Task item: Starting at the line that contains "Uno de los elementos" and stopping at the line that contains "Rammelaartje hydrofiele knuffel", restate each line of the records below exactly. Omit the pictures.

Data supplied:

# # # # #

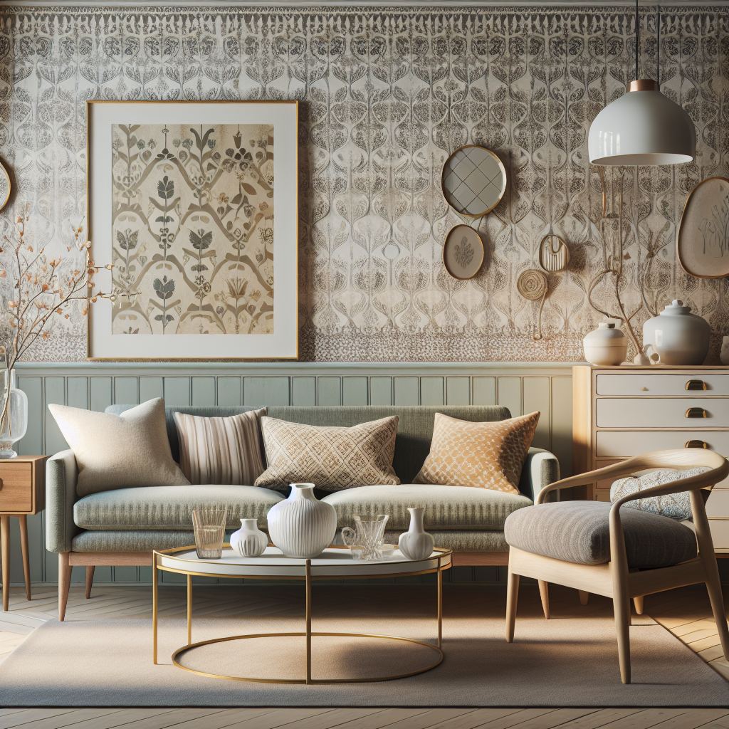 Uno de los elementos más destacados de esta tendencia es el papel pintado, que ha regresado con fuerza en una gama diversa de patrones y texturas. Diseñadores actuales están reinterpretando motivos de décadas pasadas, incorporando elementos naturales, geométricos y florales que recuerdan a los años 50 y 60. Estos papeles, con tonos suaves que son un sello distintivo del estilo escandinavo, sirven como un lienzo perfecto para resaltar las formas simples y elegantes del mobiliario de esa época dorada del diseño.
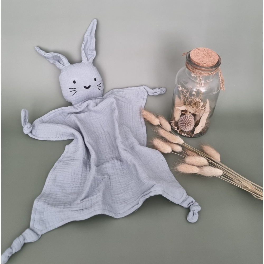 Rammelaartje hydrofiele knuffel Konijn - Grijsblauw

# # # # #

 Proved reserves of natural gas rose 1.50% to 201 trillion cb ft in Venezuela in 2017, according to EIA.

# # # # #

Completed task:
 Uno de los elementos más destacados de esta tendencia es el papel pintado, que ha regresado con fuerza en una gama diversa de patrones y texturas. Diseñadores actuales están reinterpretando motivos de décadas pasadas, incorporando elementos naturales, geométricos y florales que recuerdan a los años 50 y 60. Estos papeles, con tonos suaves que son un sello distintivo del estilo escandinavo, sirven como un lienzo perfecto para resaltar las formas simples y elegantes del mobiliario de esa época dorada del diseño.
 Rammelaartje hydrofiele knuffel Konijn - Grijsblauw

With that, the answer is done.